FAQ
Hi

I'm trying to get a nutch crawl to work, and it keeps stopping at depth 1 even
though there should be more data to fetch. I can download a list of urls
without any problem using FreeGenerator, but the recursive crawl is not
working for me.

I have the crawl-urlfilter.txt set up to accept any url, and the plugins
configured to use this filter
<name>plugin.includes</name>
<value>protocol-http|urlfilter-(crawl|regex)|parse-(text|html|js)|
index-(basic|anchor)|query-(basic|site|url)|summary-basic|scoring-opic|
urlnormalizer-(pass|regex|basic)|feed</value>

The only other nutch configs that I've changed are the robot settings.

If I inspect the crawldb after a run I see that it's fetched the 3 seed pages
and refused to fetch anything else:

TOTAL urls: 248
retry 0: 248
min score: 0.0090
avg score: 0.03530645
max score: 2.029
status 1 (db_unfetched): 245
status 2 (db_fetched): 3

How can I get nutch to fetch the rest of the urls?

thanks in advance for your help,

Barry

ps: here's my crawl-urlfilter.txt
-^(file|ftp|mailto):

# skip image and other suffixes we can't yet parse
-\.(gif|GIF|jpg|JPG|png|PNG|ico|ICO|css|sit|eps|wmf|zip|ppt|mpg|xls|gz|rpm|
tgz|mov|MOV|exe|jpeg|JPEG|bmp|BMP)$

# skip URLs containing certain characters as probable queries, etc.
-[?*!@=]

# skip URLs with slash-delimited segment that repeats 3+ times, to break loops
-.*(/[^/]+)/[^/]+\1/[^/]+\1/

# accept hosts in MY.DOMAIN.NAME
#+^http://([a-z0-9]*\.)*apache.org/

# skip everything else
#-.
+.*

Search Discussions

  • Alxsss at Feb 14, 2008 at 6:27 pm
    How this FreeGenerator works?

    Thanks.
    Alex.




    -----Original Message-----
    From: Barry Haddow <bhaddow@inf.ed.ac.uk>
    To: nutch-user@lucene.apache.org
    Sent: Thu, 14 Feb 2008 8:31 am
    Subject: crawl stops at depth 1










    Hi

    I'm trying to get a nutch crawl to work, and it keeps stopping at depth 1 even
    though there should be more data to fetch. I can download a list of urls
    without any problem using FreeGenerator, but the recursive crawl is not
    working for me.

    I have the crawl-urlfilter.txt set up to accept any url, and the plugins
    configured to use this filter
    <name>plugin.includes</name>
    <value>protocol-http|urlfilter-(crawl|regex)|parse-(text|html|js)|
    index-(basic|anchor)|query-(basic|site|url)|summary-basic|scoring-opic|
    urlnormalizer-(pass|regex|basic)|feed</value>

    The only other nutch configs that I've changed are the robot settings.

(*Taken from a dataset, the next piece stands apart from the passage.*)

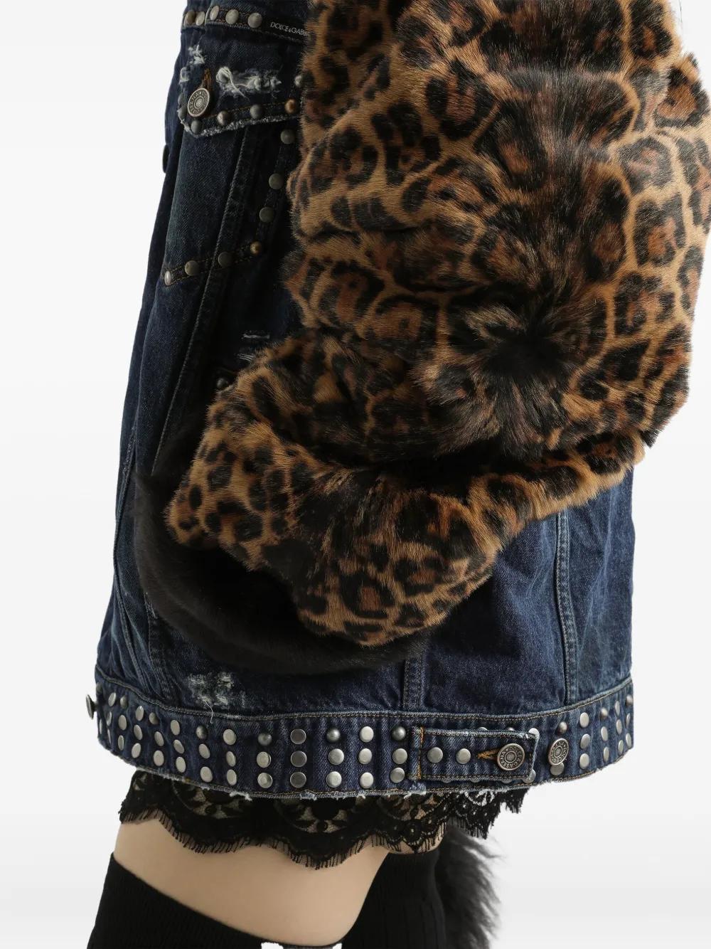 dark blue distressed denim leopard-print sleeves metallic-stud embellishments lace trim faux-fur trim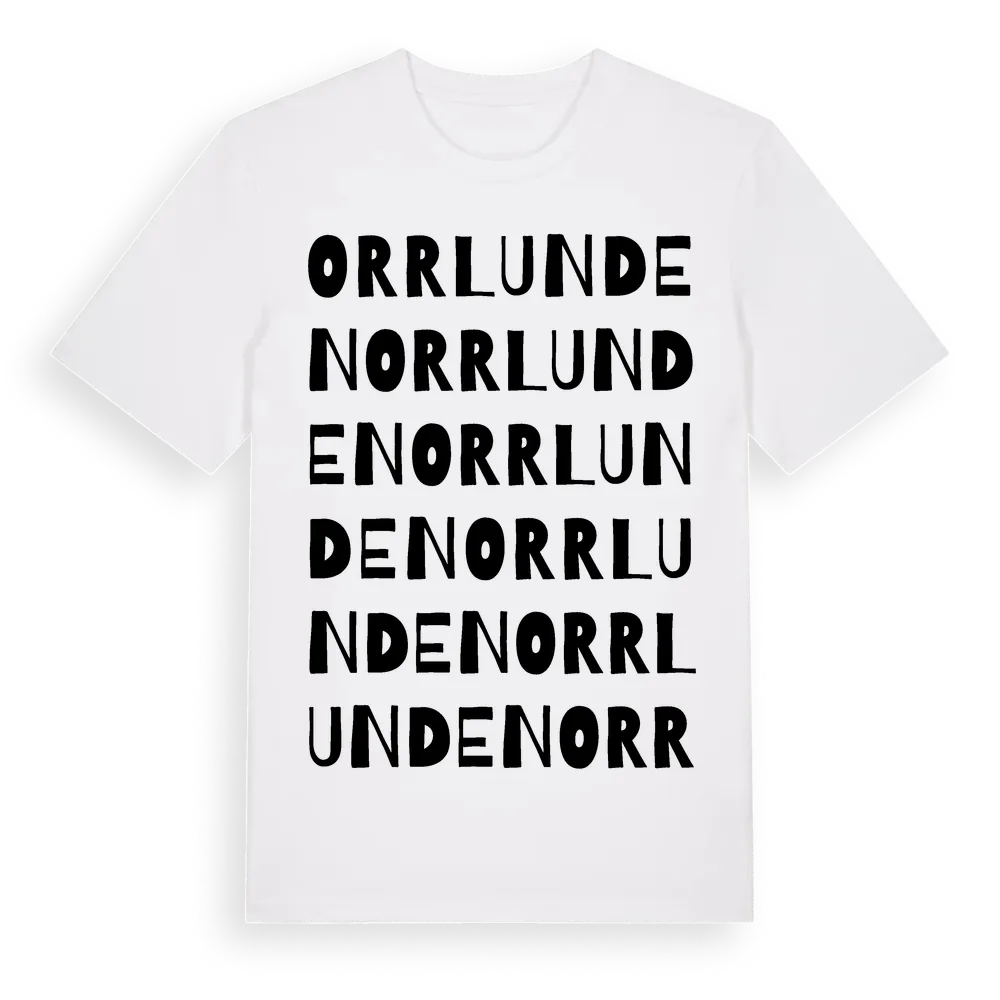 Orrlunden ordlek t-shirt är inspirerad av byn Orrlunden i Västernorrlands län, Sverige. Tröjan är designad för dig som har en speciell koppling till platsen – oavsett om du bor här, har rötterna här eller bara älskar Orrlunden.

    If I inspect the crawldb after a run I see that it's fetched the 3 seed pages
    and refused to fetch anything else:

    TOTAL urls: 248
    retry 0: 248
    min score: 0.0090
    avg score: 0.03530645
    max score: 2.029
    status 1 (db_unfetched): 245
    status 2 (db_fetched): 3

    How can I get nutch to fetch the rest of the urls?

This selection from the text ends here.